### Instructions for the task
Locate the line that contains "2、在視頻頁(yè)面,可按" in the entries below, then repeat it and every following line through the line that contains "多一些问候(在孩子累了的时候),多一些帮助(在孩子需要的时候)", exactly, and no others.

───── Source data

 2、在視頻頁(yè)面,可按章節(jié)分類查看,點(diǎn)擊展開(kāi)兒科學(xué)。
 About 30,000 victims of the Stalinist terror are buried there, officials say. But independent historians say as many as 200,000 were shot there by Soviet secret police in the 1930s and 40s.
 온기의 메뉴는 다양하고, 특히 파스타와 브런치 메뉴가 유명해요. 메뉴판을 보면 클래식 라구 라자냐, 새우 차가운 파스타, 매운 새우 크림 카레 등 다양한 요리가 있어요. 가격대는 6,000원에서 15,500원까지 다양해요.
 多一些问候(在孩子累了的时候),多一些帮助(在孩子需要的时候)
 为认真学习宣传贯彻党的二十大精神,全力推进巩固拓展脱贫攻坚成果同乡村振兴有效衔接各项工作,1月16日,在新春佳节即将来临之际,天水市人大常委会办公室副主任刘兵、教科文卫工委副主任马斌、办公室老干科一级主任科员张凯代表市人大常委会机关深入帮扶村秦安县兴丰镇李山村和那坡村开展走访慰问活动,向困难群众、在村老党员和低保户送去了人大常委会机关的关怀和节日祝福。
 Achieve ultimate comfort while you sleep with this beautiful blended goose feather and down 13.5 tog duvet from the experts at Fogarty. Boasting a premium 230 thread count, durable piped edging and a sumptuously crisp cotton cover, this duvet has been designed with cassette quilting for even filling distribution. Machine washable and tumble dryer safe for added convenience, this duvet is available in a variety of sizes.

──────────
───── Source data

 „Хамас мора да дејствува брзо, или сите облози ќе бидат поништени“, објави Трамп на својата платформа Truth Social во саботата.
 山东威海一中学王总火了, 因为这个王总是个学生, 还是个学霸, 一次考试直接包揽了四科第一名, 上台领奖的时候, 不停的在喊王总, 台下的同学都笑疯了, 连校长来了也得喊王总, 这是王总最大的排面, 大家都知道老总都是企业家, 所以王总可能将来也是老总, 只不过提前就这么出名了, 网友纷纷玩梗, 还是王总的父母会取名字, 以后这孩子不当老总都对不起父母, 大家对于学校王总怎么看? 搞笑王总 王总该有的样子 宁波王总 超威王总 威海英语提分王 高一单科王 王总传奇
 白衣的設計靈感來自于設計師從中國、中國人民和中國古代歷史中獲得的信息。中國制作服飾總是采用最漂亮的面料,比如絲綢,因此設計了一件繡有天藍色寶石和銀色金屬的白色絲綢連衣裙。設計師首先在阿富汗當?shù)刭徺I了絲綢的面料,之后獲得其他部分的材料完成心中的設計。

──────────
───── Source data

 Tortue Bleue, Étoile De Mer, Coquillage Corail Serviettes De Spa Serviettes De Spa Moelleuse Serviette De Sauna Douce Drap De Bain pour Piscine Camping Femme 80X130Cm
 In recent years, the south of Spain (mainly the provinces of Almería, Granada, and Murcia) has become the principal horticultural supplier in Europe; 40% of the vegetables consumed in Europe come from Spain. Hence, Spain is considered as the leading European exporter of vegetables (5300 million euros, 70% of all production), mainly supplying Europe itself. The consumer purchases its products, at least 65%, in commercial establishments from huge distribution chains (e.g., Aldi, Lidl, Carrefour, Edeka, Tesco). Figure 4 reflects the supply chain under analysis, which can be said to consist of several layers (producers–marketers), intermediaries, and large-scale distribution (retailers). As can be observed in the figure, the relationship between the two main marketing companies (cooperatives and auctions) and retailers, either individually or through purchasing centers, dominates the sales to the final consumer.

──────────

### Answer
 2、在視頻頁(yè)面,可按章節(jié)分類查看,點(diǎn)擊展開(kāi)兒科學(xué)。
 About 30,000 victims of the Stalinist terror are buried there, officials say. But independent historians say as many as 200,000 were shot there by Soviet secret police in the 1930s and 40s.
 온기의 메뉴는 다양하고, 특히 파스타와 브런치 메뉴가 유명해요. 메뉴판을 보면 클래식 라구 라자냐, 새우 차가운 파스타, 매운 새우 크림 카레 등 다양한 요리가 있어요. 가격대는 6,000원에서 15,500원까지 다양해요.
 多一些问候(在孩子累了的时候),多一些帮助(在孩子需要的时候)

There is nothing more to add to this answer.